(What is expected) Scan the entries for the word "Women" and return every line that has it.

(Listed records)
═══

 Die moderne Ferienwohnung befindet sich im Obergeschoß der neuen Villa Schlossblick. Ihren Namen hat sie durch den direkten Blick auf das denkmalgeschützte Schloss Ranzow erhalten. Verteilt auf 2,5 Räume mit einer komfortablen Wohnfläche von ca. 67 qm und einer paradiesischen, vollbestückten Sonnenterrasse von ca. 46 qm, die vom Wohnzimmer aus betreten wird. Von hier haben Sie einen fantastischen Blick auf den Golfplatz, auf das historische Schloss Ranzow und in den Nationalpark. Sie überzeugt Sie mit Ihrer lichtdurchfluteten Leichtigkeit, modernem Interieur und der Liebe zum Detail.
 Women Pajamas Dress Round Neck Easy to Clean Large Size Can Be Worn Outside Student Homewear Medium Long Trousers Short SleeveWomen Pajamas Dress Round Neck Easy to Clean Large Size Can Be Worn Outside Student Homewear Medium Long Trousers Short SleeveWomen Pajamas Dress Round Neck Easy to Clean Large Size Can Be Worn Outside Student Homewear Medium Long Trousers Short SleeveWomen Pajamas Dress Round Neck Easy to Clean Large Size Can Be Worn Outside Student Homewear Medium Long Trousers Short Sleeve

═══

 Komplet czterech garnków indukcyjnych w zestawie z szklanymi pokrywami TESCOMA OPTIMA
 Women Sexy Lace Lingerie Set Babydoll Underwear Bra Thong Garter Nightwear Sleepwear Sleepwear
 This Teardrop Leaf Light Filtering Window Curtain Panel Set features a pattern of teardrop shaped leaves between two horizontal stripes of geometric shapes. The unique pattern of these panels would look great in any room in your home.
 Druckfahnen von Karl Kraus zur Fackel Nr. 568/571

═══

(Answer to this problem)
 Women Pajamas Dress Round Neck Easy to Clean Large Size Can Be Worn Outside Student Homewear Medium Long Trousers Short SleeveWomen Pajamas Dress Round Neck Easy to Clean Large Size Can Be Worn Outside Student Homewear Medium Long Trousers Short SleeveWomen Pajamas Dress Round Neck Easy to Clean Large Size Can Be Worn Outside Student Homewear Medium Long Trousers Short SleeveWomen Pajamas Dress Round Neck Easy to Clean Large Size Can Be Worn Outside Student Homewear Medium Long Trousers Short Sleeve
 Women Sexy Lace Lingerie Set Babydoll Underwear Bra Thong Garter Nightwear Sleepwear Sleepwear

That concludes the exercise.